Synonymes, stemming/lemmatisation

okybaca · 4 December 2023 10:13

recently, i tried to understand the way, yacy uses synonymes.

still, one thing is not clear to me:
are synonymes used at the time of indexing or at the time of search?

the most logical way would be using synonymes enrichment at the time of
search, because indexing the synonymes doesn’t bring any new information and
would index even the words not included in the original text. in other
words, it increases the index size and doesn’t bring any advantage.

some languages are flexible (such as english, french, german, czech,
polish…), the word “left” and “leaves” does have meaning of “leave” and
should be indexed under one word entry. a lot of search engines use
stemming, or, better, lemmatisation in order to bring the word into neutral form for
indexing or search.

the “exact phrase” search is a problem then, since we search for occurence
of exactly the same sentence.

stopwords are language specific as well and should be treated separately for
each language.
german article ‘den’ means ‘day’ in czech, the word, which actualy holds a
meaning.

ideal approach imho (for the discussion):

indexing:

content → lang detect → stopwords removal (lang specific) → stemming
(lang specific) → indexing of stemmed words

search:

query → lang detect → stopwords removal (lang specific) → stemming
→ synonymes enrichment (lang specific) → stemming expansion (?) → search

not sure also, what it would do with planned vector search…
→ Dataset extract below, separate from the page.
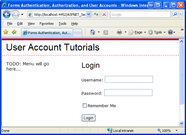 In this tutorial we will turn from mere discussion to implementation; in particular, we will look at implementing forms authentication. The web application we start constructing in this tutorial will continue to be built upon in subsequent tutorials, as we move from simple forms authentication to membership and roles.

Sviatoslav · 4 December 2023 15:08

Being able to do a real exact search would be a huge advantage because the major search engines have lost this capability.

Orbiter · 19 December 2023 16:24

Synonymes and stemming are two different things:

Solr is able to do stemming; however YaCy an only poorly make use of it
Synonymes are handled before indexing: the text is enriched with synonymes as far as there is a synonym matching library attached. YaCy can do that. I once had a large synonym library file that magically jumped to me from that product with the two ‘oo’… we cannot distribute that. But YaCy can use it for synonym enrichment. Some years ago someone manufactured an alternative library but I don’t know where it is right now, maybe I can find it somewhere.
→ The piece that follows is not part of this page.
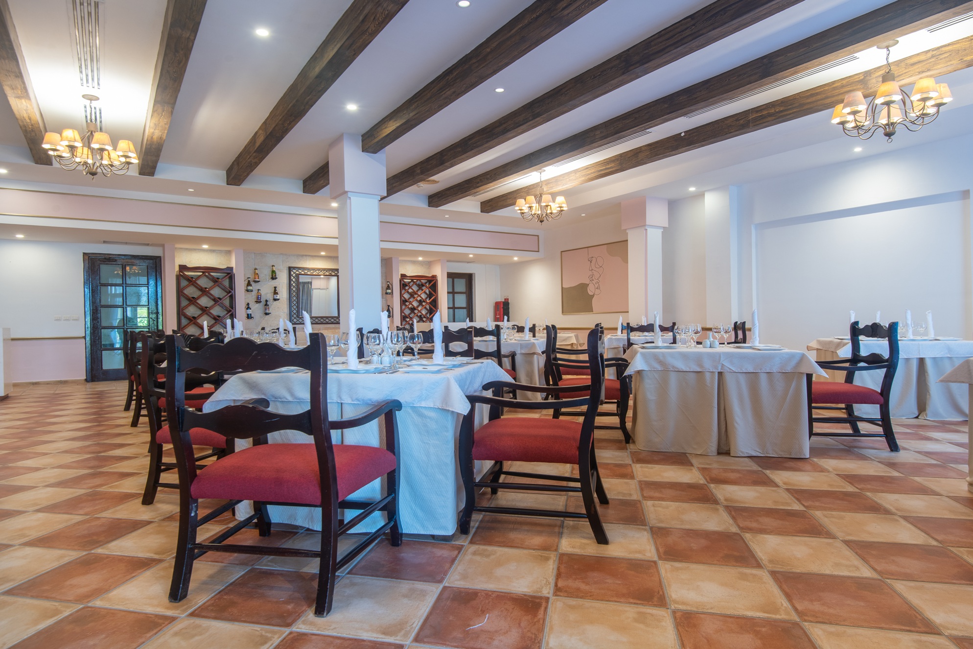 - The Suites feature a spacious balcony, living room, dining area, bedroom, and bathroom. A French double bed, central air conditioning system, minibar, iron and ironing board, telephone in the living room, bathroom, and bedroom, international satellite TV in the living room and bedroom, digital safe, bathtub, WC, and hairdryer.

okybaca · 9 January 2024 11:25

Yes, one thing is a good synonymes dictionary.
One collection I stumbled upon when going through GitHub Issues. But as far as I could assess, they are not of a great quality.
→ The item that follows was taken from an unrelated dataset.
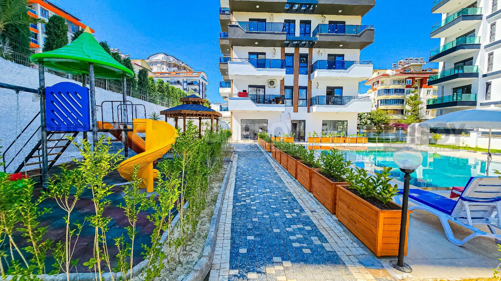Жилой комплекс находится на расстоянии 800 метров от моря в районе Авсаллар. Это живописный курортный район Алании с шикарными песчаными пляжами. Здесь очень развита инфраструктура: кафе и рестораны, супермаркеты и магазины, почта, банкоматы, детские и спортивные площадки, школы и салоны красоты.

Other way could be generation out of Wiktionary. This Finnish project could be an inspiration. This one is actually flexing, but wiktionary contains synonymes as well, at least for some languages.

The question is that synonymes (and stopwords) are language-specific and whether the language is detected before doing synonymes-enrichment.

Second question is if it should be done at the time of indexing. Then, with a huge synonymes dictionary, the index (and it’s RWI distribution) grows. Other approach would be synonymes-enrichment of a query at the time of search, which seems to be logical for me and could be at least an option…